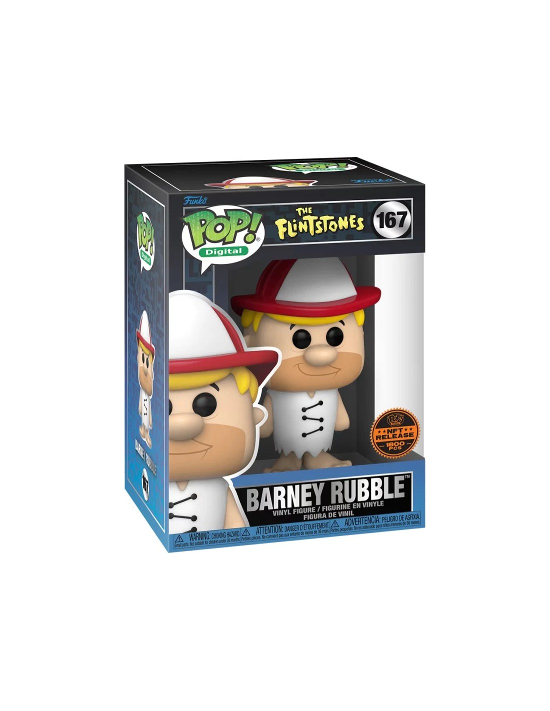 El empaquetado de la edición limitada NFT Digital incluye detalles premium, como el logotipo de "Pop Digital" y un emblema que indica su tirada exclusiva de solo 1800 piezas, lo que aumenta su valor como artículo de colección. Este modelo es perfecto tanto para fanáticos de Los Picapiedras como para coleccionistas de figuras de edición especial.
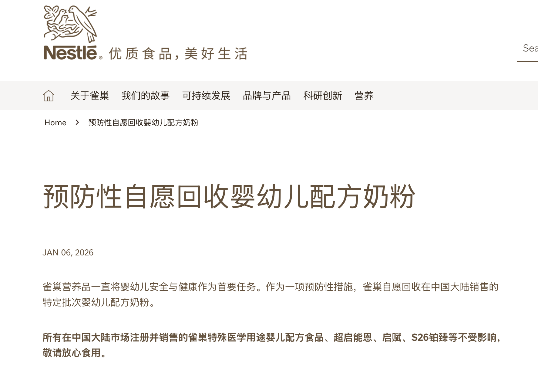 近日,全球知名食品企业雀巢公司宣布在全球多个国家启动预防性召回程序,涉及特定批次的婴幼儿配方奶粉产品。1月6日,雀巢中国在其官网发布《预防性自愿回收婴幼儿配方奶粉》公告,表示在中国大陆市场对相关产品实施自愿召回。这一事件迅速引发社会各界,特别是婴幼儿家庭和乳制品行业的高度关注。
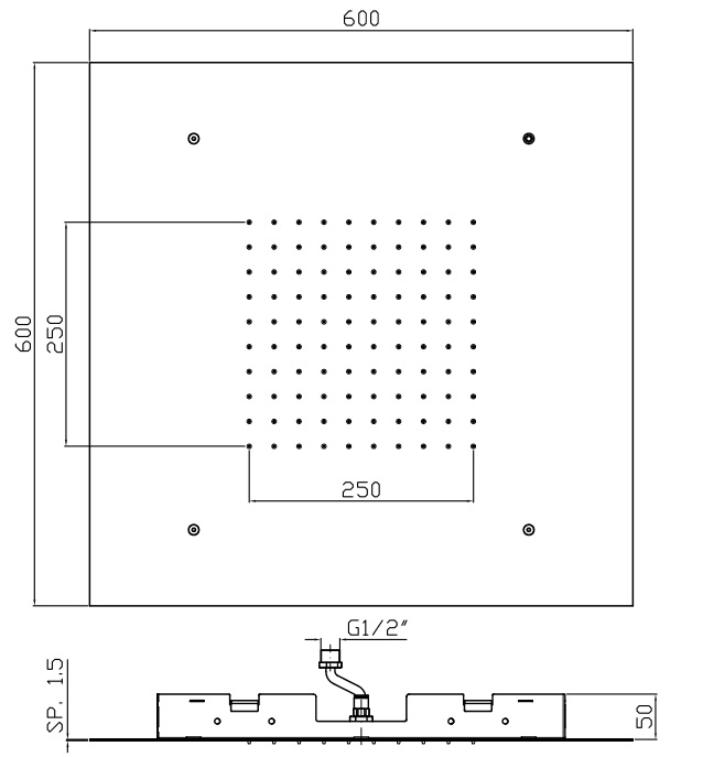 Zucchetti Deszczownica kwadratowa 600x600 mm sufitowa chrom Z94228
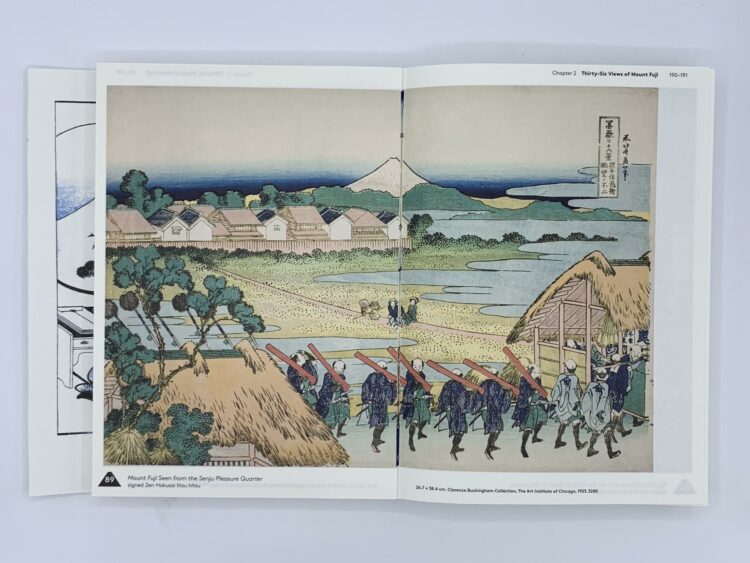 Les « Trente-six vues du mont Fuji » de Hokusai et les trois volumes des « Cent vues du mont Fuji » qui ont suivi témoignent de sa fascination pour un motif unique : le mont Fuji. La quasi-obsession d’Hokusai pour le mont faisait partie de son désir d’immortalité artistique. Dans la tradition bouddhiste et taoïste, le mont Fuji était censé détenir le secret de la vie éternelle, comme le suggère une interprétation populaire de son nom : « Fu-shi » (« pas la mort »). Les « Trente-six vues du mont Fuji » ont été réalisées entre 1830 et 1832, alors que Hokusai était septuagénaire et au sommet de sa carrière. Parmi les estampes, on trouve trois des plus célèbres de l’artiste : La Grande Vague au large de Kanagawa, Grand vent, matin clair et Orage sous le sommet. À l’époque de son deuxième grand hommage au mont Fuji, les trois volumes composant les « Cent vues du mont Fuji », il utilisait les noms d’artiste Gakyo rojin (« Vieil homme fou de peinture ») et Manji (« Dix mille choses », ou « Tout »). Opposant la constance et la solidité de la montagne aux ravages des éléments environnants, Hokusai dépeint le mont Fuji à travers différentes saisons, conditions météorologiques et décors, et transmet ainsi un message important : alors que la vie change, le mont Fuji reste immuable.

REQUIRED ACTION> Exactly restate the lines from the beginning of the data through the line with "Zucchetti Deszczownica kwadratowa", and no others, keeping pictures out.

EXERCISE ANSWER>
 El empaquetado de la edición limitada NFT Digital incluye detalles premium, como el logotipo de "Pop Digital" y un emblema que indica su tirada exclusiva de solo 1800 piezas, lo que aumenta su valor como artículo de colección. Este modelo es perfecto tanto para fanáticos de Los Picapiedras como para coleccionistas de figuras de edición especial.
 近日,全球知名食品企业雀巢公司宣布在全球多个国家启动预防性召回程序,涉及特定批次的婴幼儿配方奶粉产品。1月6日,雀巢中国在其官网发布《预防性自愿回收婴幼儿配方奶粉》公告,表示在中国大陆市场对相关产品实施自愿召回。这一事件迅速引发社会各界,特别是婴幼儿家庭和乳制品行业的高度关注。
 Zucchetti Deszczownica kwadratowa 600x600 mm sufitowa chrom Z94228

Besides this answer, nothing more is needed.